New penalties for businesses that dud consumers
Wednesday, January 9, 2008/
Business owners could be subjected to new financial penalties for fleecing consumers by illegal methods such as bait advertising or pyramid selling under a new proposal being considered by the Federal and state governments.
State and federal consumer protection ministers are reportedly considering reforms that would allow the Australian Competition and Consumer Commission to seek civil penalties against companies that breach consumer protection provisions of the Trade Practices Act.

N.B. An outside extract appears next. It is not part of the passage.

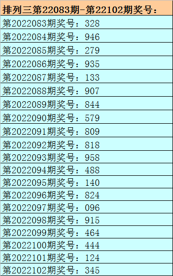 1。排列三最近十期分别开出号码:958-488-140-824-096-915-464-444-124-345,其中有8期奖号开出了上期的重复号码,本期预计第2022102期奖号:345中有重号,参考号码:4。

The consumer protection provisions prohibit a range of conduct, including misrepresentation, pyramid selling schemes where participants are paid merely for recruiting new participants, and bait advertising, which involves advertising a product at a very low price to get buyers in the door but then only making very few of the products available for sale.
Businesses that breach competition provisions of the act are currently subject to civil penalties of up to $10 million, three times the value of the benefit obtained or 10% of annual turnover, while individual business owners can be fined up to $500,000.

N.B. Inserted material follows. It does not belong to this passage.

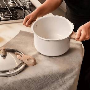 DIFERENCIAIS: A Panela Pressure da Brinox garante que os alimentos cozinhem muito mais rápido e de maneira uniforme, além de possuir revestimento interno cerâmico, que tem excelente propriedade antiaderente, perfeito para selar e refogar os alimentos, pois eles não grudam. O revestimento Pro Ceramic Premium traz maior durabilidade e resistência, e sua composição é livre de PFOA e metais pesados. Conta com 4 dispositivos de segurança e tampa de fechamento externo mais segura. Acompanha 1 Concha pra feijão MATERIAIS: A Panela Pressure da Brinox possui estrutura em alumínio que cozinha por igual e mais rápido. A tampa, também em alumínio, conta com quatro dispositivos de segurança para saída do vapor, evitando acidentes em caso de pressurização excessiva. O fundo permite que a panela seja utilizada em todos os tipos de fogões, incluindo o de indução. A alça é em baquelite com acabamento soft-touch e efeito amadeirado. Possui revestimento interno cerâmico Pro-Ceramic Premium. ESPECIFICAÇÕES TÉCNICAS: a Panela com Fundo de Indução Ceramic Life Pressure da Brinox tem capacidade para 5,4 litros, 22 cm de diâmetro, 15 cm de altura e acabamento interno e externo na cor Vanilla, um tom de creme com grânulos marrom. A tampa possui fechamento externo mais seguro e quatro dispositivos de segurança, sendo: trava de segurança, válvula de trabalho, escape de segurança e válvula de segurança. A panela conta com duas alças em baquelite. INSTRUÇÕES DE USO: leia atentamente o manual do produto. Faça a cura da panela antes de utilizá-la pela primeira vez. Não tente abrir a panela enquanto houver pressão. Utilize utensílios de silicone para mexer os alimentos. Não levar à lava-louças, ao forno ou micro-ondas. Respeite a capacidade máxima indicada. de 2 anos para defeitos de fabricação. LINHA: As panelas da Linha Ceramic Life da Brinox são sinônimo de eficiência e segurança na cozinha. Com revestimento cerâmico, proporcionam um cozimento rápido e uniforme, preservando o sabor e os nutrientes dos alimentos. Seu design e cores modernas adicionam estilo ao ambiente, enquanto a tecnologia de ponta garante durabilidade e resistência. Fáceis de lavar, a Linha Ceramic Life é ideal para quem busca praticidade e saúde no dia a dia. SUSTENTABILIDADE: No Grupo Brinox, a sustentabilidade é um compromisso contínuo. Adotamos práticas que minimizam o impacto ambiental, como a utilização de matérias-primas recicláveis e processos produtivos eficientes. Investimos em tecnologias limpas e buscamos constantemente a redução de resíduos e consumo de energia. Nosso objetivo é promover um futuro mais verde, integrando a responsabilidade ambiental em todas as etapas do nosso negócio. COMPATIBILIDADE: a Panela com Fundo de Indução Ceramic Life Pressure da Brinox é compatível com todos os tipos de fogão, incluindo cooktop de indução e fogão a gás. Descubra a eficiência da Panela Ceramic Life Pressure da Brinox Cozinhe mais rápido e preserve os nutrientes dos alimentos com seu revestimento cerâmico antiaderente. Segurança garantida com 4 dispositivos de proteção e fechamento externo. Compatível com todos os tipos de fogão, incluindo o de indução. Com 22cm de diâmetro, 5,4L de capacidade e alça soft-touch amadeirada, oferece durabilidade e estilo. Livre de PFOA e metais pesados, é a escolha perfeita para sua cozinha. Descrição A Panela Ceramic Life Pressure da Brinox é a escolha ideal para quem busca eficiência e segurança na cozinha. Com ela, você cozinha mais rápido, preservando o sabor e os nutrientes dos alimentos. Seu design moderno na cor Vanilla, com alças em tom amadeirado, adiciona um toque de elegância ao seu ambiente culinário.

But penalties for breaches of consumer protection provisions are more limited, with the ACCC only able to seek jail terms – a penalty that is costly to seek and only appropriate in the most serious cases – and legal sanctions such as injunctions to stop the behaviour.
This has meant that in some cases the ACCC has been limited in its ability to take meaningful legal action against businesses that breach consumer protection laws.
If introduced, the new penalties could represent a double edged sword for SMEs, according to Slater & Gordon competition law expert Van Moulis. “The extra protection afforded to SMEs where they are suffering from prohibited conduct by competitors in a different context could be an extra responsibility to comply with the law,” he says.
But, Moulis says, even if the changes do go through, it does not necessarily follow that the ACCC will be able to undertake more prosecutions for breaches of consumer protection law.
“The ACCC lacks resources more than anything else – giving them more power is fine, but they just don’t have the resources to conduct more legal action, so it’s a funding issue and unless the Government provides better resources to the ACCC then it’s just a paper move,” he says.
The further progress of the proposal will depend on support and action from governments.